Leave out any pictures and transcribe all other data below exactly.

§ **Exercise data**:
□ □ □ □ □ □ □

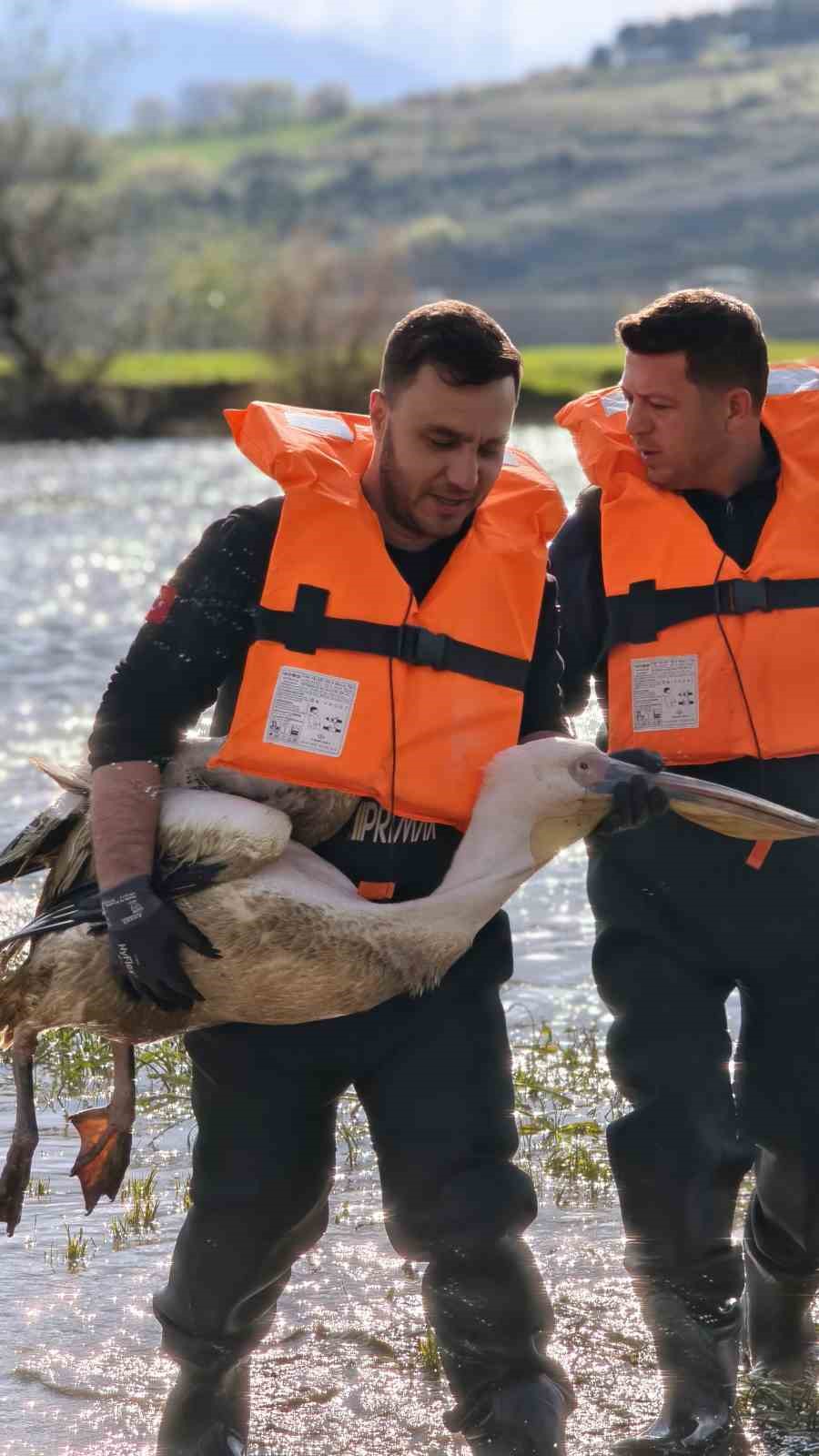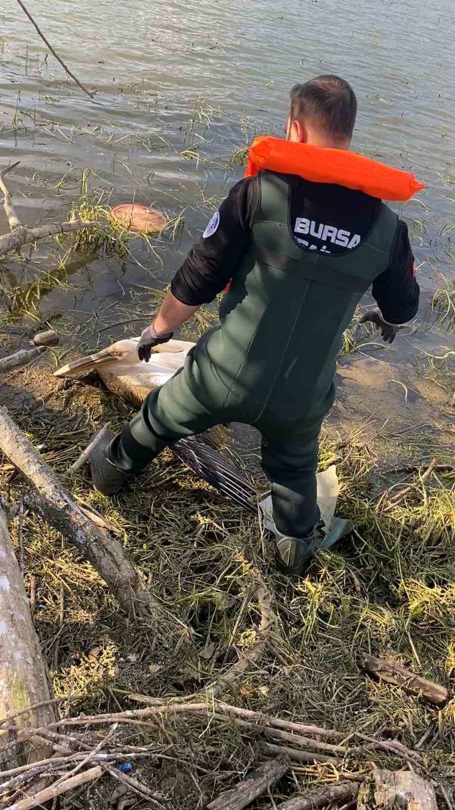 Olay, İnegöl Boğazköy Barajı çevresinde meydana geldi. Baraj kenarından geçen vatandaşlar, su içerisindeki çalılık alanda hareketsiz halde bulunan pelikanı fark etti. Durumun bildirilmesi üzerine olay yerine İnegöl İtfaiye Arama Kurtarma ekipleri sevk edildi. Kısa sürede bölgeye ulaşan ekipler, suya uygun özel kıyafetlerini ve can yeleklerini giyerek kurtarma çalışması başlattı. Zorlu şartlarda gerçekleştirilen çalışmada, çalılıklar arasında sıkıştığı belirlenen yaralı pelikan bulunduğu yerden dikkatli bir şekilde çıkarıldı. Kurtarılan pelikan, tedavi altına alınmak üzere İnegöl Belediyesi Sahipsiz Hayvan Bakım ve Tedavi Merkezi’ne götürüldü. Pelikanın sağlık durumunun yapılacak kontrollerin ardından netlik kazanacağı öğrenildi.
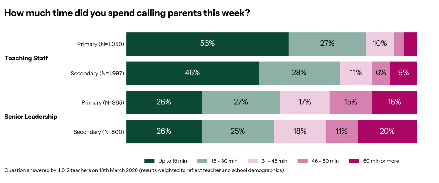 Senior leaders in secondary schools clocked up the most minutes calling parents (20% spent more than an hour), and primary senior leaders weren’t far behind (16% spent more than an hour).
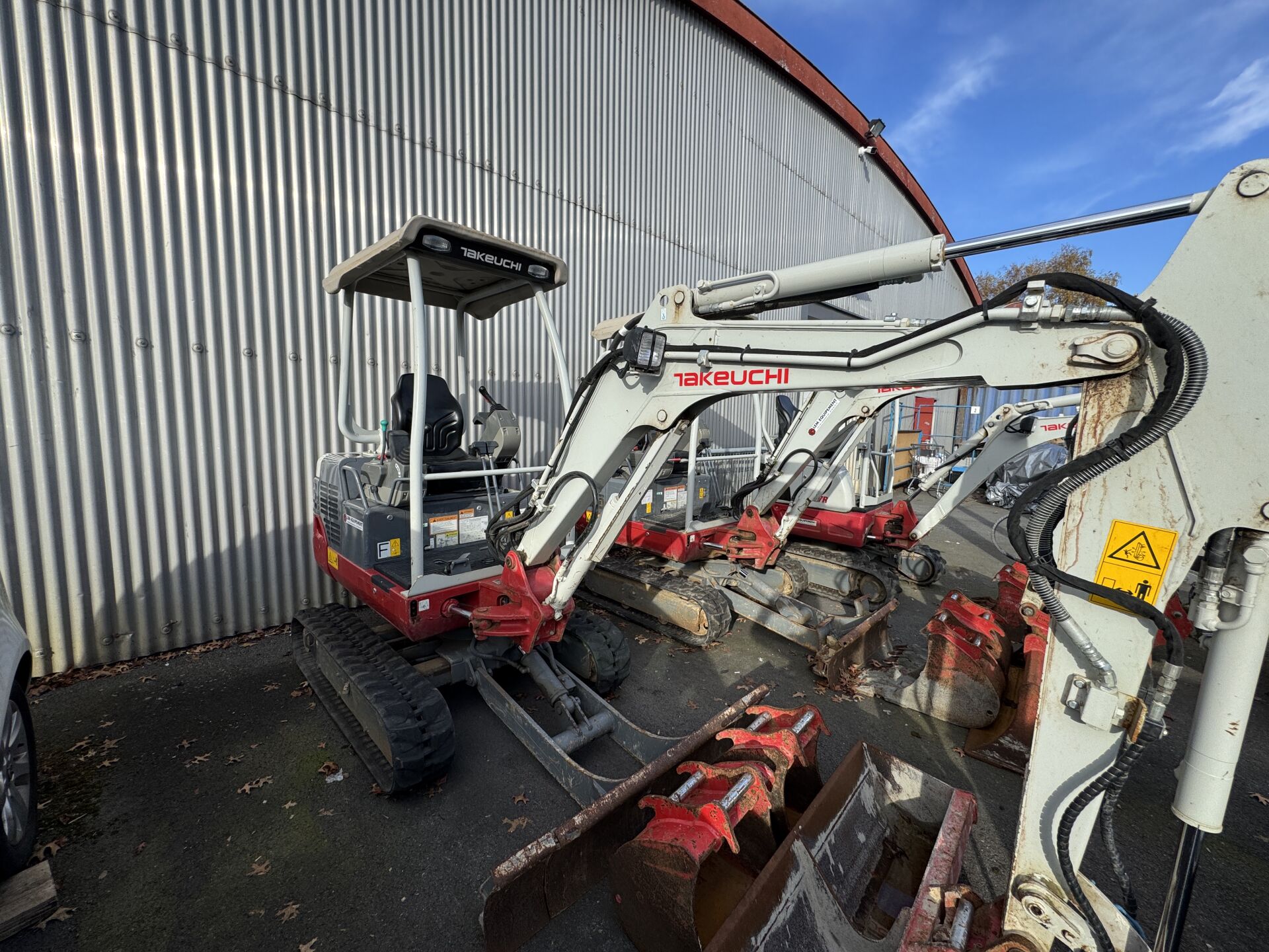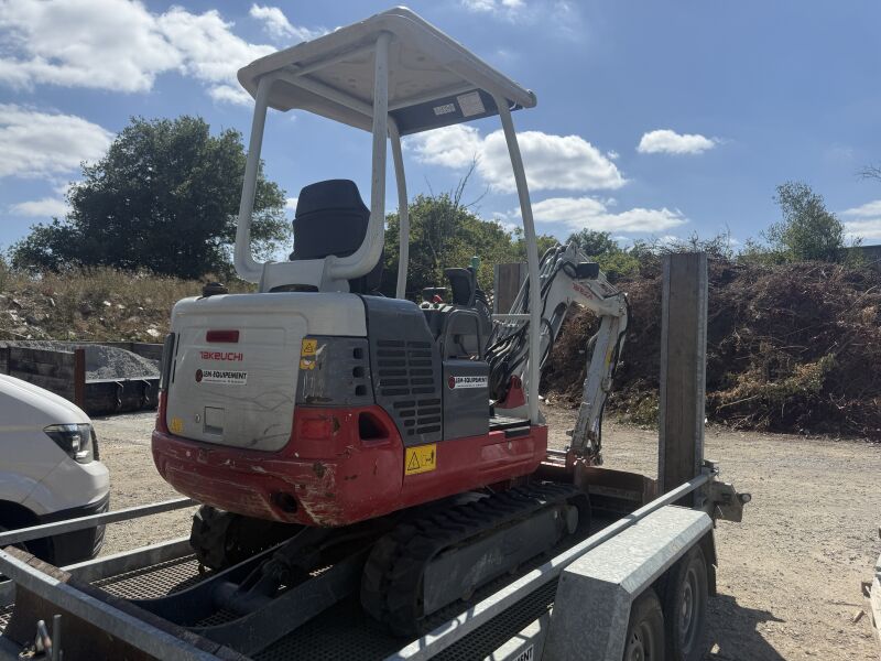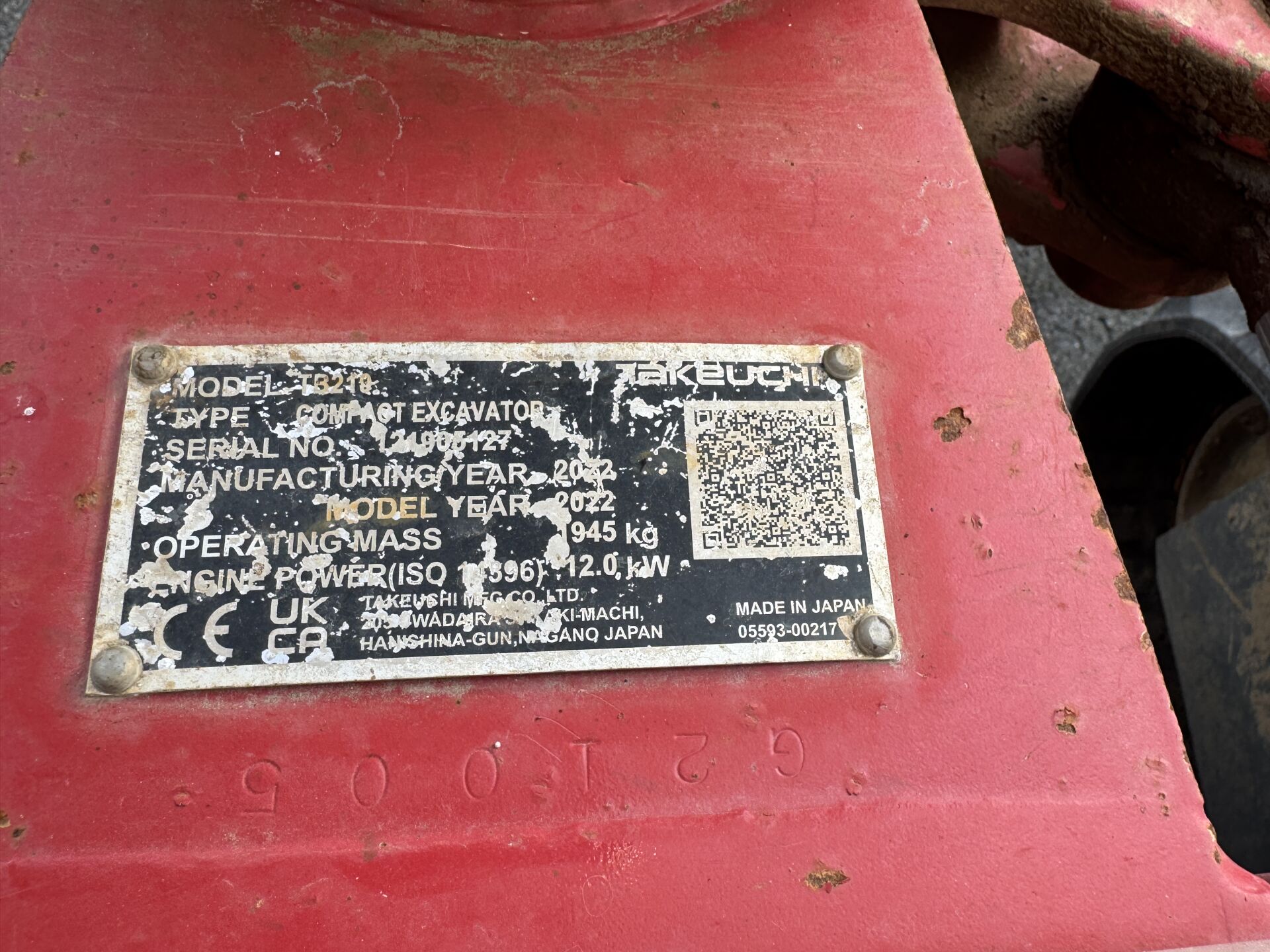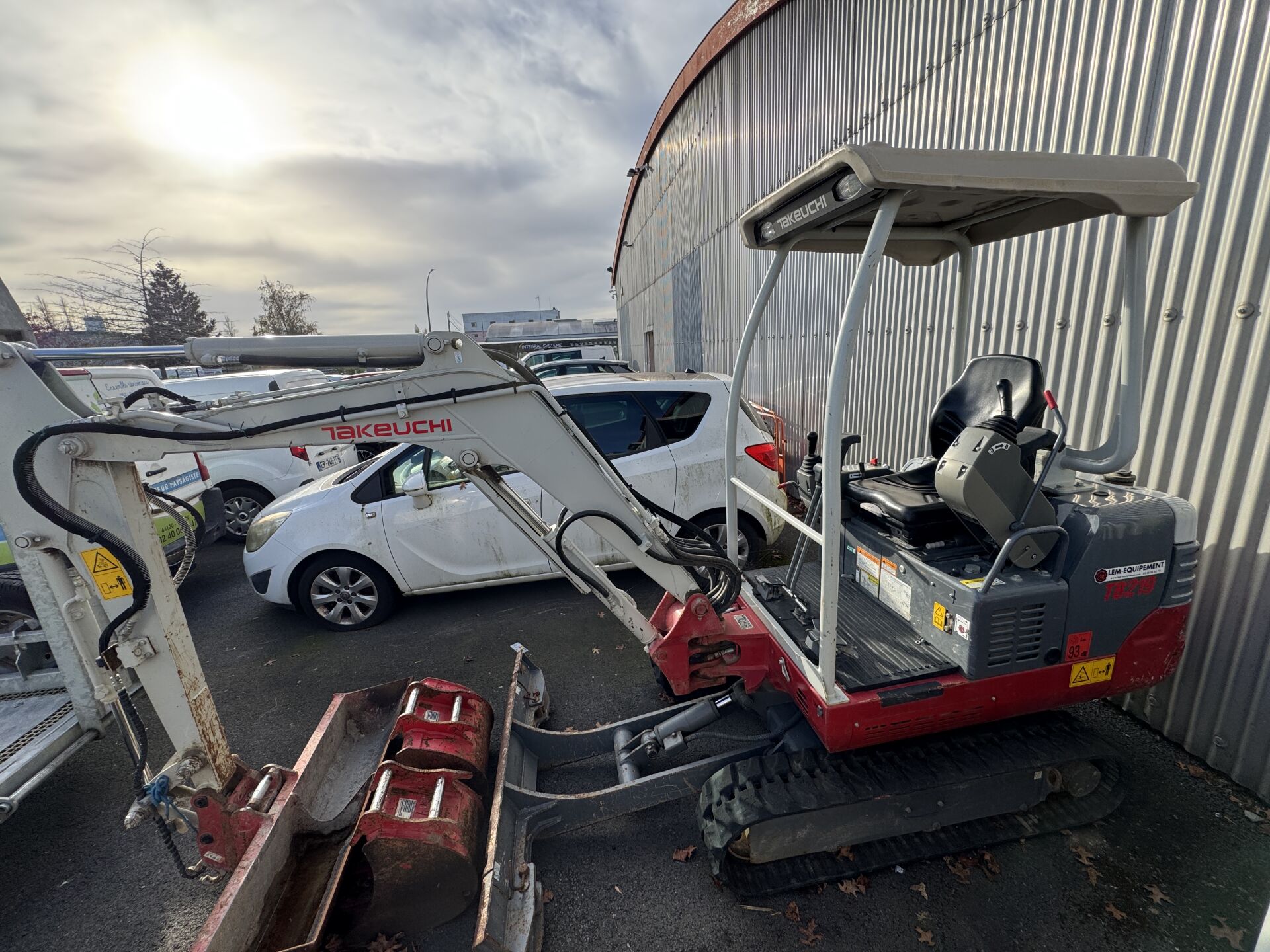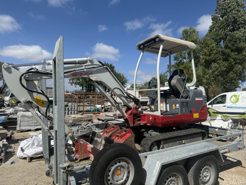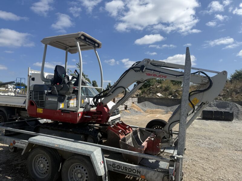 1 mini pelle TAKEUCHI sur chenille caoutchouc modèle TB219S n°121905127, de 2021 compteur = 522 heures avec 3 godets MARTIN de 300, 450 et 1200 mm et lame de 1000 à allonges et attache rapide MARTIN VENDU SANS LA REMORQUE- VENDU SANS CLE- PREVOIR UN BOOSTER. FRAIS VOLONTAIRES 18 % HT

□ □ □ □ □ □ □

§ **Task output**:
 Olay, İnegöl Boğazköy Barajı çevresinde meydana geldi. Baraj kenarından geçen vatandaşlar, su içerisindeki çalılık alanda hareketsiz halde bulunan pelikanı fark etti. Durumun bildirilmesi üzerine olay yerine İnegöl İtfaiye Arama Kurtarma ekipleri sevk edildi. Kısa sürede bölgeye ulaşan ekipler, suya uygun özel kıyafetlerini ve can yeleklerini giyerek kurtarma çalışması başlattı. Zorlu şartlarda gerçekleştirilen çalışmada, çalılıklar arasında sıkıştığı belirlenen yaralı pelikan bulunduğu yerden dikkatli bir şekilde çıkarıldı. Kurtarılan pelikan, tedavi altına alınmak üzere İnegöl Belediyesi Sahipsiz Hayvan Bakım ve Tedavi Merkezi’ne götürüldü. Pelikanın sağlık durumunun yapılacak kontrollerin ardından netlik kazanacağı öğrenildi.
 Senior leaders in secondary schools clocked up the most minutes calling parents (20% spent more than an hour), and primary senior leaders weren’t far behind (16% spent more than an hour).
 1 mini pelle TAKEUCHI sur chenille caoutchouc modèle TB219S n°121905127, de 2021 compteur = 522 heures avec 3 godets MARTIN de 300, 450 et 1200 mm et lame de 1000 à allonges et attache rapide MARTIN VENDU SANS LA REMORQUE- VENDU SANS CLE- PREVOIR UN BOOSTER. FRAIS VOLONTAIRES 18 % HT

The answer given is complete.